FanFiction.Net (often abbreviated as FF.Net or FFN) is an automated fan fiction archive site. It was founded on October 15, 1998[1] by Los Angeles computer programmer Xing Li, who also runs the site. The first fics to be posted were a few stories about Buffy the Vampire Slayer. As of 2009, FanFiction.Net is the largest and most popular fan fiction website in the world. It has nearly 2.2 million users and hosts stories in over 30 languages.[2]

The site is split into nine main categories: Anime/Manga, Books, Cartoons, Miscellaneous, Games, Comics, Movies, Plays/Musicals, and TV Shows. As of March 27, 2009, a new feature was added to the site - the Crossover categories. Users who complete the free registration process can submit their fan fiction, maintain a user profile, review other stories, contact each other via email or private messages, and maintain a list of favorite stories and authors. There are also centralized communities and forums.

Contents

Creation

The site was created in late 1998 by student Xing Li as a repository for fan-created stories that revolved around characters from popular literature, television, comics, or real-world celebrities.
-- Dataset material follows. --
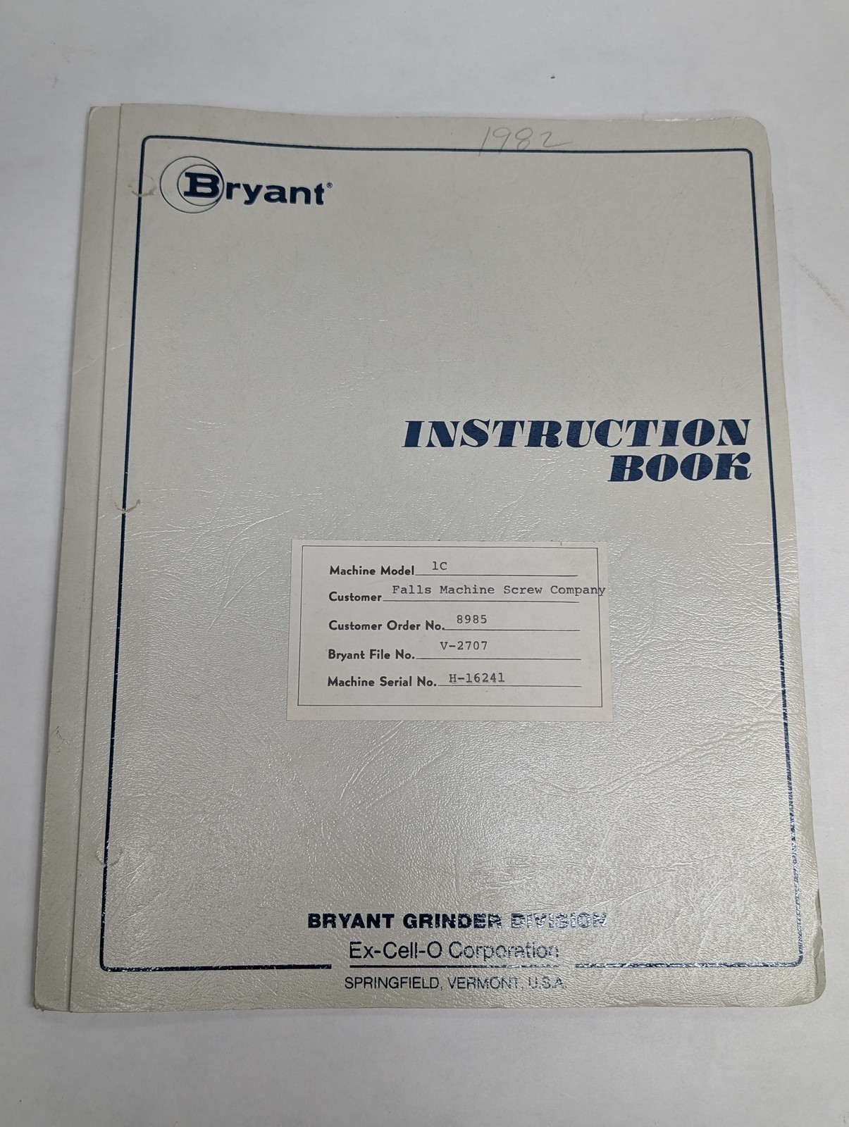 Bryant Centerless Grinder 1C Instruction Book Manual Operator Owner 1978 Edition

Unlike other fan fiction sites, FanFiction.Net allowed stories about any characters rather than revolve around a specific set of characters, such as those from Naruto, Harry Potter or Kingdom Hearts. Registration was open to all people who claimed to be over 18, and by 2002 over 118,000 people were registered. (The age limit has since been moved down to 13.) At that time, one-third of the registrants self-identified as 18 or younger, and 80% were female.

Site structure

Writers may upload their stories to the site and assign them a category and rating (such as K, K+, T, and M). The ratings are no longer done on the MPAA system and a list of explanations for the rating system currently employed is available from the drop-down rating menu in each of the individual archives on the site.[3] The MA (18+) rating is not permitted on this site.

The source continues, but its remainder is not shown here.